Our study has several limitations. First, this was a nonrandomized retrospective study conducted in a small number of patients, which may have resulted in various biases. However, to date, no large‐scale phase 3 studies of pharmacotherapy have been conducted in SCLC patients with ILD. Given the difficulty of conducting prospective studies in this area, our study remains important despite its retrospective nature and small sample size. Furthermore, previous studies had sample sizes ranging from 17 to 59 patients, , , , , , and many were as large as our study. Even with such a small sample size, our study identified GPS as a significant marker for predicting the occurrence of AE‐ILD and the prognosis of patients with SCLC and ILD. In the future, further large‐scale prospective studies are warranted to validate our findings. Second, we had only a single patient with LD‐SCLC and a GPS of 1 or 2, respectively. Therefore, we were unable to analyze prognostic differences depending on GPS in patients with LD‐SCLC. However, our study revealed an inverse relationship between GPS and median OS in patients with ED‐SCLC and ILD. Third, we were unable to include predicted FVC as a variable in logistic regression analyses with the incidence of AE‐ILD because six patients in our cohort did not undergo a pulmonary function test; this may introduce selection bias in our results. However, there was no evidence that predicted FVC was a significant predictor of AE‐ILD in those patients only who underwent pulmonary function testing before first‐line chemotherapy (Table S5).

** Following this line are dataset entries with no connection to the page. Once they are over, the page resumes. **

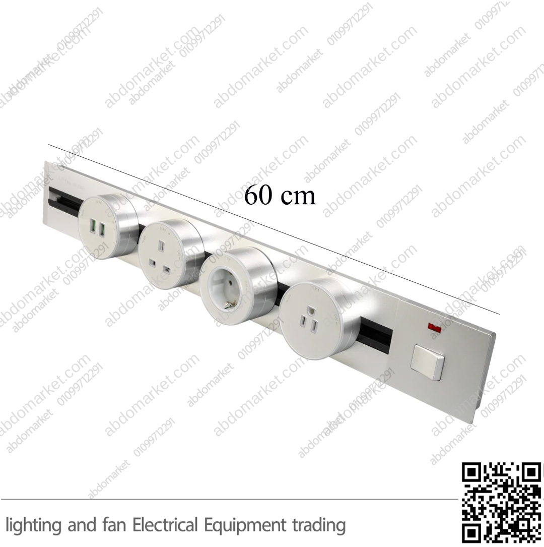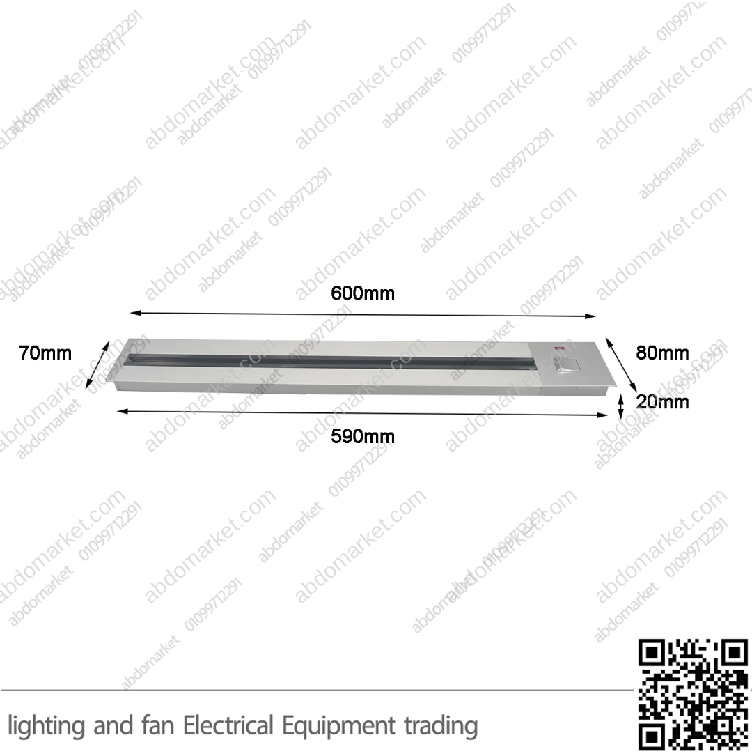 * مسطرة كهرباء 60 سم فضي داخل المسار نفسه يتطلب فتحة قطع بطول 59 سم وعرض 7 سم مع عمق 2 سم للتركيب المدمج
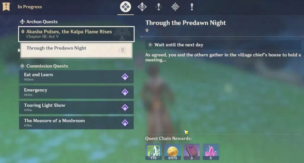 Complete the Archon Quest Chapter III, Act V: Akasha Pulses, the Kalpa Flame Rises. There are five quests in Akasha Pulses, the Kalpa Flame Rises.
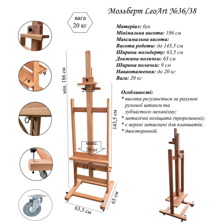 - Комплектація: мольберт студійний Академічний LeoArt-36/38
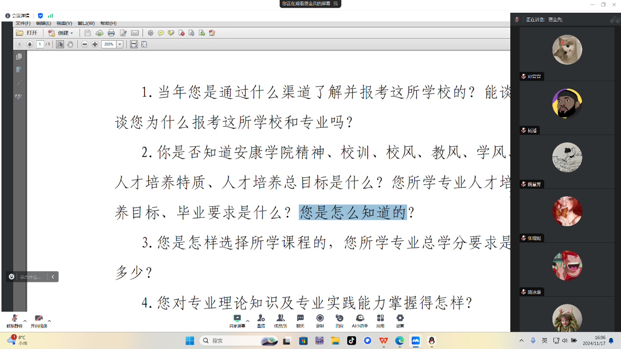 首先,万象城娱乐awc线路各辅导员对班级学生干部进行了培训,详细介绍了审核评估的目的、意义和重要性。强调审核评估是对学院教学质量、人才培养、学科建设等方面的全面检验,关系到学院的声誉和未来发展。从本科教育教学审核评估应知应会、学生说成长、人才培养方案、在校学生审核评估深度访谈座谈提纲等逐一进行分析,让班级学生干部们对审核评估有了更深刻的理解。
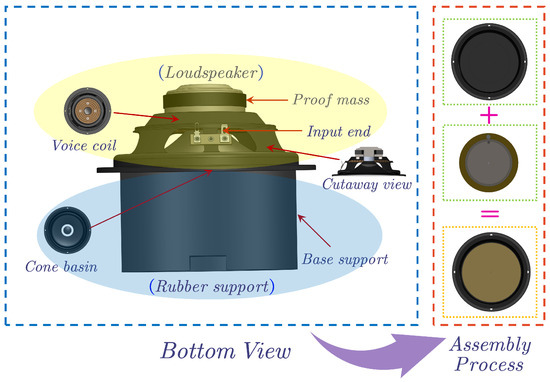 The inertial actuator consists of several essential components, such as an electromagnetic coil, permanent magnet, elastic element, and base. Its operation relies on supplying power to the electromagnetic induction coil, which induces specific and regular changes in the surrounding magnetic field. As a result, the Lorentz force is generated, propelling the reciprocal motion of the actuator and permanent magnet. With these fundamental principles and components in mind, it becomes apparent that the loudspeaker principle seamlessly aligns with the inertial actuator. Therefore, it is possible to modify a loudspeaker as an inertial actuator, as depicted in Figure 1.
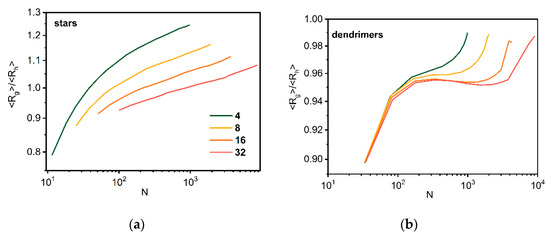 The radius of gyration and hydrodynamic radius were calculated for both architectures studied according to Equations (4) and (5). The < Rg >/< Rh > ratios for both stars and dendrimers are presented in Figure 8. The results clearly reflect this ratio for stars, i.e., the ratio decreases with the number of arms, although it differs from the experimental data [79]. For small dendrimers, the ratio does not depend on the number of macromolecules in the system, while for larger ones it diverges.

Our study provides evidence of previously unreported associations between GPS and chemotherapy‐triggered AE‐ILD and prognosis in patients with ILD associated with SCLC. We demonstrated that high GPS serves as a candidate predictor for AE‐ILD development. Thus, GPS may provide clinical guidance for identifying patients tolerant of chemotherapy from those with higher risk of treatment‐related complications particularly AE‐ILD; consequently, GPS may predict the prognosis for patients with ILD associated with SCLC.

CONFLICT OF INTEREST

The authors declare no competing interests.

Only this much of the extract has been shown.